UPDATED 03:45 EDT / JANUARY 28 2016

NEWS

EMC reports flat Q4 as Dell takeover looms

Following its fourth quarter earnings call yesterday, storage giant EMC Corp. saw it’s shares fall to the lowest level since it announced to the world that it would be acquired by Dell Inc. in a blockbuster $67 billion deal.

EMC’s earnings were more or less in line with Wall Street’s expectations, with overall revenues declining slightly year-over-year. As a result, the company’s shares opened for trading at just $23.76, significantly lower than the $24.05 per share that privately held Dell has agreed to pay for the firm.

During the conference call yesterday, EMC CEO Joe Tucci reiterated what the company has been saying all along – that the transaction remains on track as per the original terms and timeline. Dell and EMC said last year they plan to complete the merger of the two firms by no later than October 2016.

According to Tucci, Dell and its partner Silber Lake will have no troubles in raising the necessary capital required to complete the acquisition. That would see Dell raising almost $50 billion in debt to finance the deal, but in recent weeks concerns have been raised that it may struggle to do so, due to a declining appetite for corporate debt among bond investors, and the 15 percent drop in EMC’s share price since the deal was announced.

“We are highly confident in the contractual terms we have in place, that we will meet those contractual terms,” Tucci insisted. “There are significant penalties in place both ways if this doesn’t happen. The banks are fully committed.”
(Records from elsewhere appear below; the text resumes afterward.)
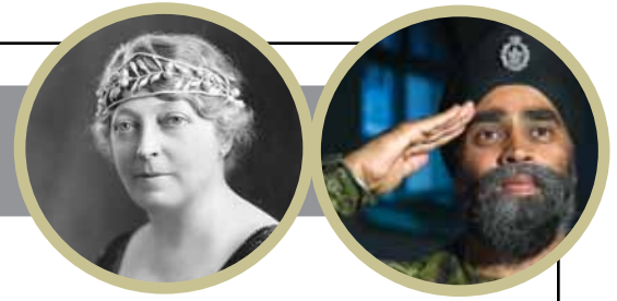
PHOTOS — JULIA: CITY OF VANCOUVER ARCHIVES P1073; HARJIT: WARD PERRIN/THE VANCOUVER SUN

Find a word from the word bank which has the opposite meaning of each word below.
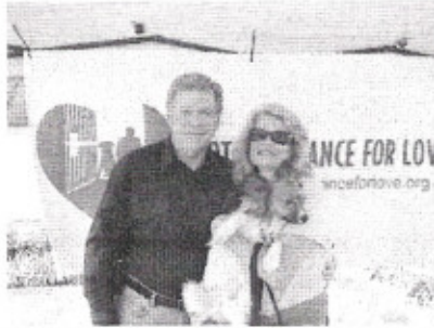
Prison Pup "Tiger" loves his forever family!

On Saturday, March 28th, OC Animal Care hosted one of its most successful adoption events ever! 127 animals were placed into forever homes during our "Angels for Animals Forever Friends for Free" event, sponsored by the Angels Baseball Foundation. Adopters were responsible for the microchip and license fees. This event was made possible by a charitable donation from the Angels Baseball Foundation. The day's festivities included: a barbeque to raise money for Explorer Post 538, a craft table for kids, an OC Animal Care veterinarian on hand to answer pet health questions, and a giveaway table with Angels Baseball bracelets and treats available for new adopters. Without the generous support of the Angels Baseball Foundation, and the hard work of OC Animal Care staff and volunteers, this event would not have been possible!
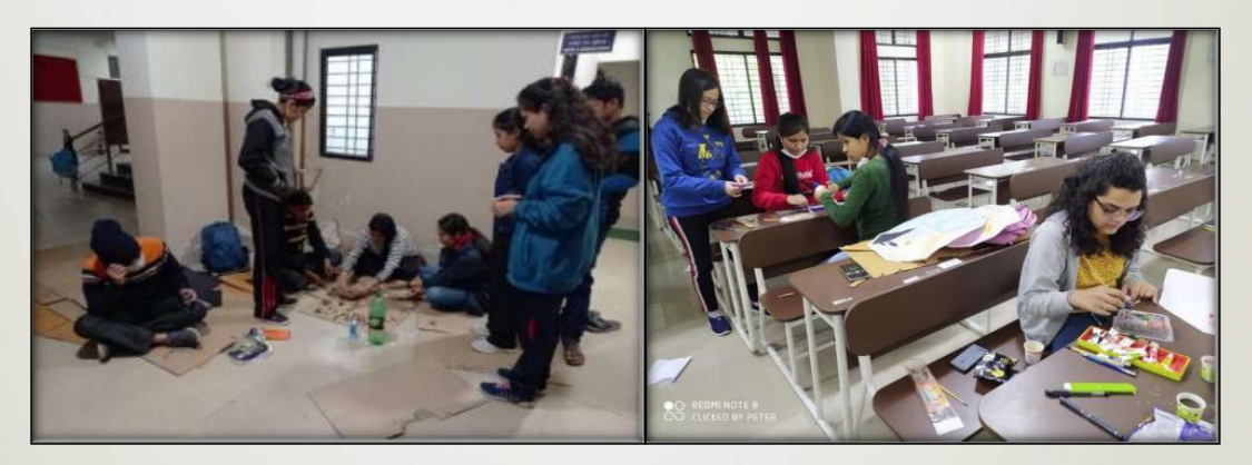
Wall Magazine Preparation

EMC said it achieved earnings of $0.65 per share on fourth quarter revenues of $7 billion. Revenue from the sale of its products fell by five percent year-over-year to $4.1 billion, but this was partly offset by a six percent rise in services revenue to $2.9 billion. EMC’s fiscal year ended up with $24.8 billion in sales, one percent up from the year before.

However, the biggest concern was that EMC’s main information infrastructure business saw sales fall four percent year-over-year to $5.1 billion, though this was adjusted to just one percent when taking into account the effect of the strong US dollar. EMC’s sales in Asia and North America were flat, but declined by one percent in Europe and 16 percent in Latin America.

Also yesterday, EMC said it was appointing chief accounting office Denis Cashman as its new CFO, replacing Zane Rowe, who takes the CFO chair at EMC subsidiary VMware Inc.

There was a bright spot for EMC at Pivotal Software Inc., the Federation’s Big Data and analytics product vendor, which saw revenues rise by 25 percent to $82 million. Pivotal finished the year with an encouraging $267 million in revenues, accounting for around one percent of EMC’s total revenue.